Frequently Asked Questions

How much muscle do you actually lose on Ozempic?

Linge's 2024 MRI sub-study of STEP 1 trial participants found approximately 40% of total weight loss came from lean tissue (which includes skeletal muscle, water associated with glycogen, organs, and connective tissue). This is higher than the 20–30% typical of diet-and-exercise protocols with structured resistance training and adequate protein. Lean-loss percentages are lower in patients who resistance-train and meet protein targets during treatment.

How much protein should I eat on a GLP-1?

Stuart Phillips' research at McMaster University indicates approximately 1.6 g/kg of body weight per day during energy restriction to limit lean-tissue loss. For a 90 kg patient, this is roughly 144 g of protein daily. Hitting this on a GLP-1 typically requires protein-first sequencing at each meal, protein-dense foods (chicken, fish, Greek yoghurt, eggs, cottage cheese, lean beef), and sometimes protein supplementation when whole-food intake falls short.

What's the minimum effective strength training routine?

Two full-body sessions per week with the core movement patterns — squat or leg press, hinge, horizontal push, horizontal pull, vertical push, vertical pull — at two to three sets of six to twelve repetitions per movement, taken close to but not all the way to failure. Sessions take roughly 40 minutes once the movements are familiar. Sustained execution across months and years matters more than the specific protocol.
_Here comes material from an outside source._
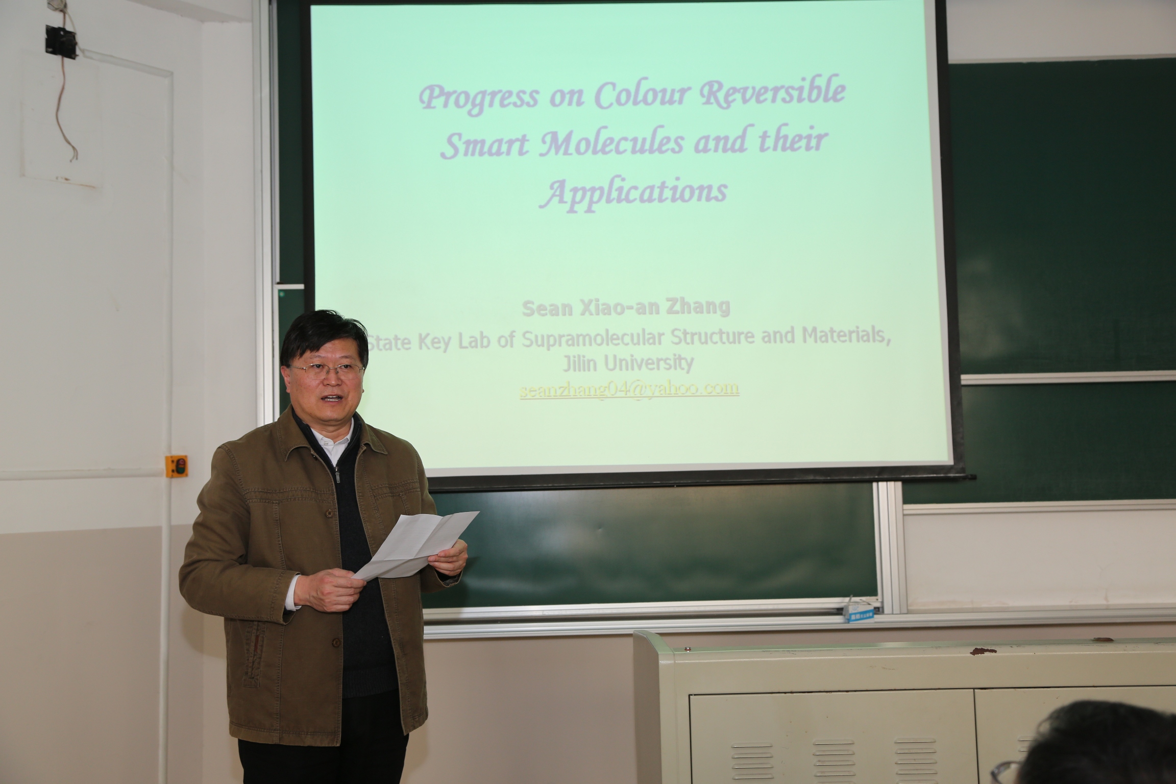 4月11日,应365英国上市集团官网化学与分子工程学院院长田禾院士邀请,特聘专家、吉林大学超分子结构与材料国家重点实验室张晓安教授做客365英国上市集团官网第94期名师讲坛,为365英国上市集团官网广大师生做题为“可逆变色智能分子及其应用研究”的学术报告。学术报告由校党委常委化学与分子工程学院院长田禾院士主持。

Should I lift weights during the first weeks of GLP-1 titration when I feel awful?

Yes — but at reduced volume rather than skipping entirely. The early weeks of titration are often the worst for training quality due to nausea, fatigue, and reduced food intake. Maintaining the training habit at low intensity is consistently more valuable than abandoning it and trying to restart at full intensity later. Reduce sets and weight rather than removing sessions.

Does cardio help with muscle preservation on Ozempic?

Cardiovascular exercise has substantial health benefits but does not preserve muscle the way resistance training does. In older adults losing weight, resistance training preserves substantially more lean mass than aerobic exercise alone, and combining the two outperforms either in isolation. For muscle preservation specifically on a GLP-1, resistance training should be the priority, with cardio as a complement rather than a substitute.

Not medical advice. This guide is for general education only. GLP-1 medications, dosing, and treatment suitability are decisions for you and a licensed clinician who knows your full medical history.